Tuesday, August 07, 2007

Interesting HealthCare Proposal

This is from Brad DeLong, UC-Berkeley Economist and former Clinton Treasury Official:

"20% Deductible/Out of Pocket Cap: The IRS snarfs 20% of your family economic income. 5% of it is an increase in taxes (but that replaces your and your employer's current health insurance premiums). 15% of it goes straight into your Health Savings Account. That HSA is then used to pay all your family health bills. If your expenses in a year are less than what's in your HSA, the balance is rolled into your IRA (or, if you prefer, returned to you with your tax refund check).
Single-Payer for the Rest: If your HSA is emptied and you still have more health bills that year, the federal government pays them. The main point, after all, is insurance: if you fall seriously sick, you want right then and there to be treated whether or not your wallet biopsy is positive.

Sin Taxes: on Tobacco, Gorgonzola, Three-Liter Bottles of Liquid High-Fructose Corn Syrup, Tanning Clinics (Melanoma), et cetera: Sin taxes (and, perhaps, someday general revenues) pay for an army of barefoot doctors and nurses and mobile treatment vans roaming the country, knocking on doors, and providing preventive and other long-run lifestyle services for free: Let me examine your prostate. Mind if I check your refrigerator and tell you how to eat healthier? Have you exercised today? I'm a Pilates instructor, and we could do a session now? Are you up on your immunizations? Anybody here have a fever and need antibiotics? Come on out to the van and I'll clean your teeth." The idea is to make the preventive care cheaper-than-free, to insure that nothing with a high long-run benefit/cost ratio gets left undone because people would rather get a bigger check the next April to use to buy an HDTV.
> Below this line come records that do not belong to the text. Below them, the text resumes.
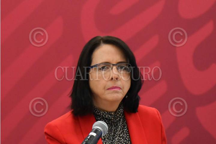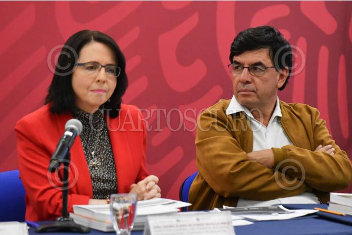 CIUDAD DE MÉXICO, 27MARZO2024.- María Elena Álvarez-Buylla, Directora general del Consejo Nacional de Humanidades, Ciencias y Tecnologías (Conahcyt), y Jesús Ramírez Cuevas, Coordinador general de Comunicación Social y vocero del Gobierno de la República, durante la conferencia en la que se habló sobre las acciones del Gobierno de México que den cumplimiento al decreto para prescindir del glifosato en México, y producir alimentos sin agrotóxicos. FOTO: MARIO JASSO/CUARTOSCURO.COM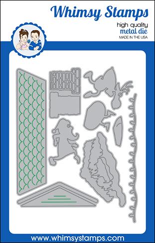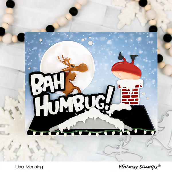 Whimsy Stamps Die Collection "Santa Sneaking Die Set" designed by Denise Lynn and Deb Davis for Whimsy Stamps. This is a set of 10 dies - use these dies to create fun scenes with Santa and Rudolph making their Christmas deliveries. Set includes multiple roof tops, a chimney, snow/icicle trimmings, Christmas lights, and Santa sneaking or sticking out of the chimney and a sneaking Rudolph.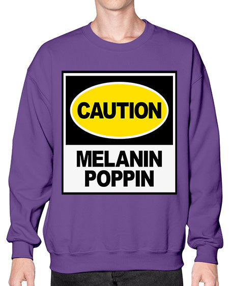 caution melanin poppin 188# - black words and phrases- Sweatshirt - Crew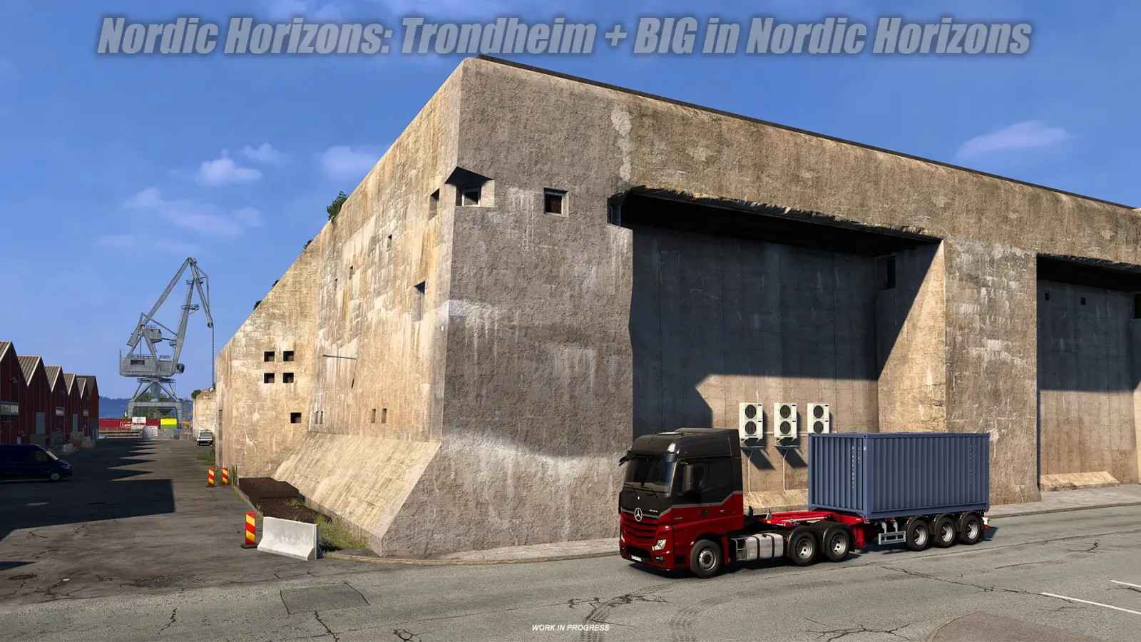 در قسمت شمالی تروندهایم، یک میدان دو طبقهی منحصر به فرد در امتداد Rv706 خواهید یافت که هم سطح زمین و هم یک سطح زیرزمینی را در بر میگیرد و به تونلی منتهی به مرکز شهر متصل میشود. در همان نزدیکی، ما یک مرکز خرید، تالار شهر و ایستگاه قطار لینگن را بازسازی کردهایم که همگی درست همانطور که در واقعیت هستند، در کنار هم قرار گرفتهاند. با ادامه دادن در امتداد Rv706، به منطقه بندری شهر خواهید رسید که محل قرارگیری یکی دیگر از بناهای تاریخی است: آغلهای زیردریایی دورا. درست در کنار آنها، مرکز دریایی تروندهایم و یک کارخانه محلی قرار دارد. از این منطقه، میتوانید سونای ساحلی محبوب و مکان فرهنگی محلی را نیز ببینید - همه چیز به طور دقیق برای انعکاس مکانهای واقعی بازسازی شده است.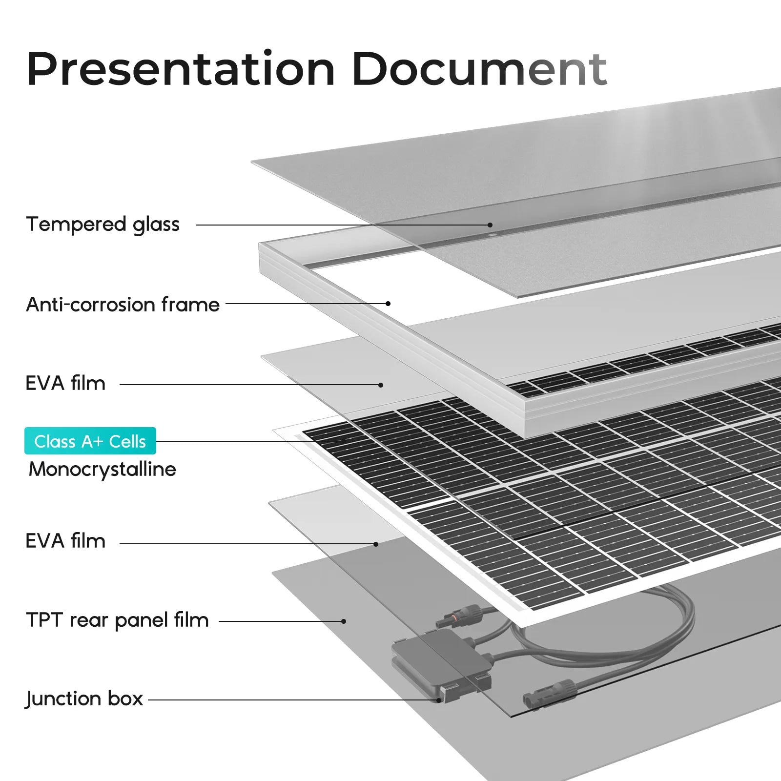 Each solar panel is built with premium components and precision manufacturing to ensure excellent solar conversion efficiency and a longer lifespan.

A Lot of Serious Research on Best Public-Health, Chronic-Disease, and Hospital Practices: Made easier, of course, by linking the payment records from the health branch of the IRS to hospital records to the wirelessly-transfered logs from the barefoot doctor vans.
That's it. No deduction for employer-paid health expenses. No insurance companies.
The key is that we face not a health-care financing crisis but a health-care treatment opportunity. Technologies are going to do marvelous things: we are going to have livers grown from our own tissue on reserve in hospital basements in case we go picnicking and eat the wrong mushrooms. We need to figure out (1) how to spread the benefits of current and future medical treatment options as widely as possible while (2) also making sure that a lot of thought and energy goes into figuring out what effective treatments have the highest benefit/cost ratios--i.e., cost least--because those are the ones we can collectively afford to do the most of, and while (3) making sure that we collectively earmark as much of our total resources to health as we really want. Government programs are good at (1). Markets are good at (2). And insurance is good at (3) if we can deliver the right incentives to insurers. These three goals are in considerable tension. The package above strikes this relatively ignorant economist as likely to give us the best chance of getting as close as possible to utopia.

Why the 20%? Because I am very impressed by the use of technology to drive the cost reductions--which means the reductions in doctor and nurse time: the increases in the number of procedures that a given treatment unit can perform, and thus in the number of people whom we can, collectively, treat--in beneficial-but-optional areas like eye surgery and lenses. It does seem to matter that consumers are cost conscious and economize when they have financial skin in the game. This is the mother of all Health Savings Account proposals.

Why the barefoot nurses? Because there are an awful lot of games where we don't want economization. This is the mother of all public-health and subsidize-preventive-medicine proposals.

Why single-payer above 20%? Because I think there's no space left for insurance companies. Insurance executives' and actuaries' incentives are horribly wrong--they are either to figure out how to exclude the sick from their coverage or to skimp on preventive stuff because twenty years hence the patient will be covered by some other company. You want doctors to have incentives to deliver necessary and appropriate care better. You don't want insurers to have incentives to deliver shoddier and cheaper care in hard-to-monitor ways."